The bonus tracks from the Syd Barrett tribute nearly a decade later have also appeared on various fan-produced releases, but they do round out the disc nicely. Another interesting back story behind these, so I’ll again refer to Godfather’s liner notes: “Syd Barrett, co-founder of Pink Floyd, died at the age of 60 in July 2006 due to diabetes-related complications. Many musicians and fans gathered in memoriam at a tribute concert held in Barbican Hall, London, UK on May 10, 2007. This show, organized by Nick Laird-Clowes and Joe Boyd (producer of the first Floyd LPs), featured big names from the UK music scene including Damon Albarn (Blur, Gorillaz), Chrissie Hynde (The Pretenders), John Paul Jones (Led Zeppelin), Robyn Hitchcock and many more – all of whom were announced as participating in the event.The biggest surprise however, was not announced publically; Roger Waters, David Gilmour, Richard Wright and Nick Mason would also perform at the concert. Unfortunately, the tensions between Waters and the other three, prevented them all from performing together onstage, despite setting their differences aside at Live8. Roger Waters played an acoustic version of his own song “Flickering Flame” with Jon Carin (a multi-instrumentalist who toured with Pink Floyd from 1987 to 1994 and with Waters himself on recent solo tours), while the other Floyds performed one of Barrett’s songs, “Arnold Layne” – their first hit single. The finale was another Syd classic “Bike,” performed together with all of the participants of the evening, including all of the Floyd members with the surprising exception of Roger Waters! When asked for an explanation, Waters expressed concerns that the audience had crowded too close to the stage – could this be proof that his own phobias which originally built The Wall were still alive or simply further evidence that the bad blood between him and his former bandmates could never be overcome? Regardless of the answer, this is the final document of the three remaining members of Pink Floyd performing together onstage, and it is with this in mind that we have included these valuable tracks from the archives here. ”
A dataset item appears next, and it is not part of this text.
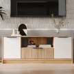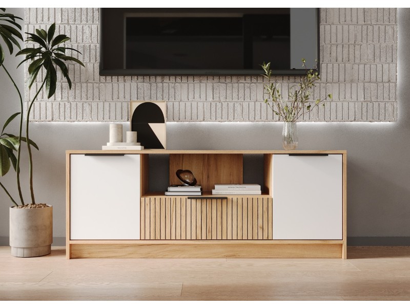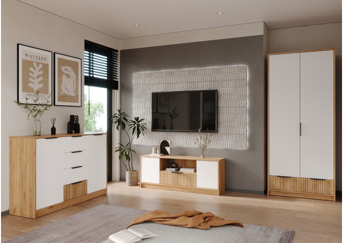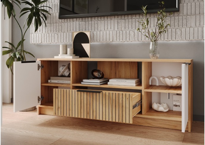 «ИВИС ТВ-тумба ТМ-001» имеет следующие характеристики и особенности конструктива: Тумба логически разделена на три части: одну центральную и две боковых. По центру тумбы в нижней ее части расположен ящик на шариковых направляющих полного выдвижения длиной 300 мм, полезным габаритом Д.571хВ.138хГ.268мм. Фасад ящика выполнен из материала ЛДСП (каркас) 16мм, на него нанесена фотопечать, имитирующая вертикальную фрезеровку. Открывание ящика производится за Ручка-профиль СП-1 (160/188) чёрный матовый. Между ящиком и крышкой стола располагается открытая ниша для хранения. Габариты ниши Д.628хВ.206хГ.310мм. В задней части ниши располагается вязка, усиливающая жесткость конструкции. По бокам ТВ-тумбы расположены два идентичных закрытых отсека с полками. Габариты отсеков Д.329хВ.418хГ.310мм. Отсеки закрыты вкладными створками, изготовленными из ЛДСП (фасад) 16мм, открывание производится за Ручка-профиль СП-1 (160/188) чёрный СМК ТО 097-2024 14 матовый. Пространство каждого из отсеков делится одной полкой на две части высотой 184 и 218мм соответственно. Задние стенки из белого ЛХДФ, являются набивными(накладными), в кол-ве 3шт. Соединяются между собой - Планкой соединительной для ДВП. Опоры - подпятник черный.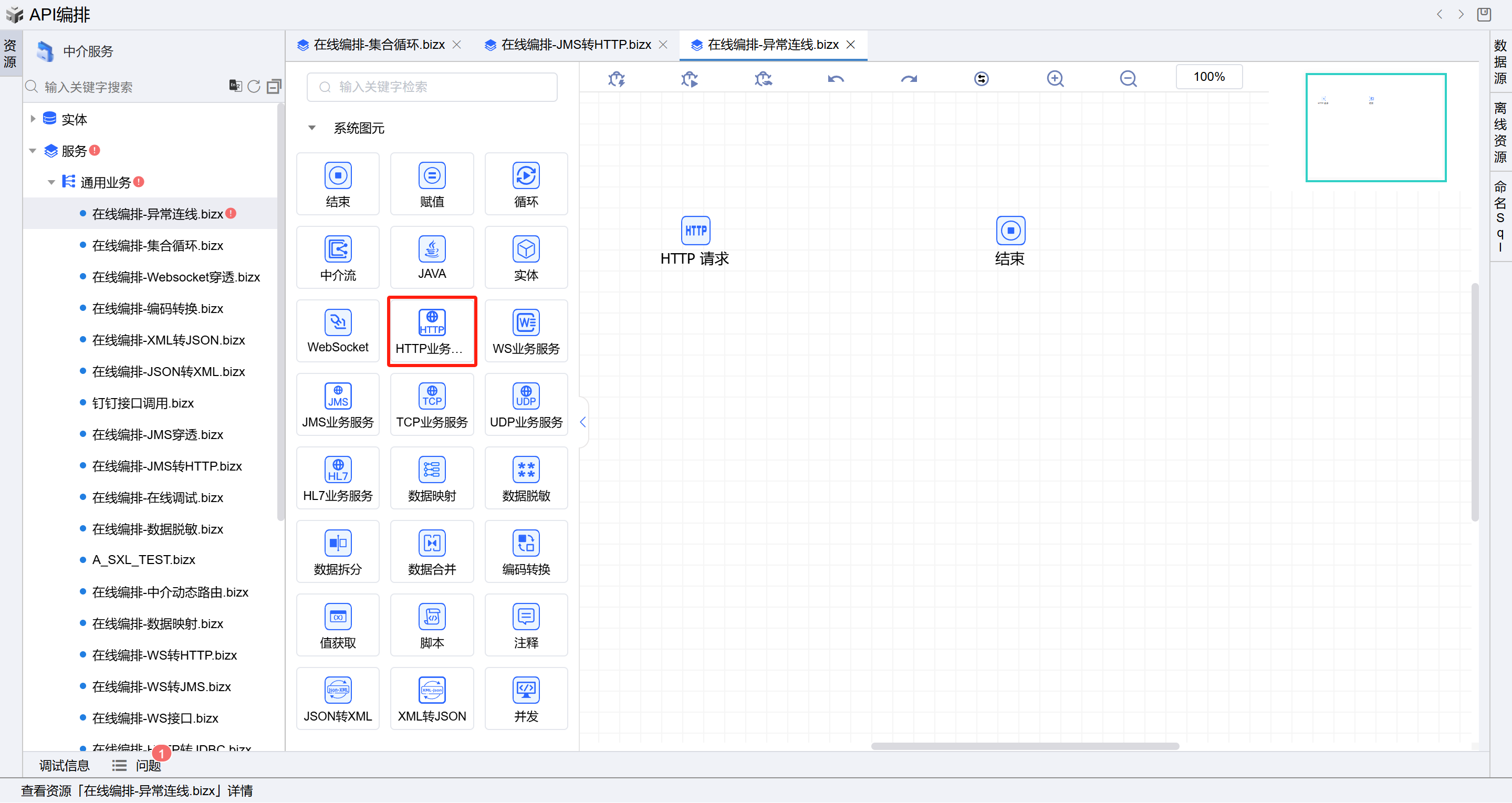 - 保存成功后系统自动打开中介编排页面,如下图所示。从左侧拖三个HTTP业务服务图元(顺序如下图所示)到开始和结束图元中间并依次连接各个图元。如下图:

I don’t think I could sum it up better myself…both of these documents are extremely valuable to Floyd fanatics, and sound good enough for casual listeners to find something worthy as well. That being said, don’t expect any deep psychedelic journeys here folks, as this is pretty much what it sounds like – a bar band doing covers, albeit involving musicians of the highest calibre.
It is worth mentioning that this release is housed in the usual tri-fold packaging, with appropriate graphics, and the extremely professional layout we’ve all come to expect and respect from Godfather. They’ve also included a separate 4-panel insert with the information on the Barrett tribute.
When all is said and done, this is another exciting silver debut from Godfather and while very little Floyd music is contained within, it does offer an entirely different perspective of these fantastic musicians – both the Floyd members and hired hands. Beyond that, the historical value, sound quality, and beautiful packaging certainly make Respect For These Knights worth looking into.
As an aside, I have to commend Godfather for continuing to give us Floyd collectors something “new” instead of just rehashing past releases like most of the other labels (of course, those have their place too when they are actual upgrades). It’s always exciting to see what Godfather will come up with next! Cheers!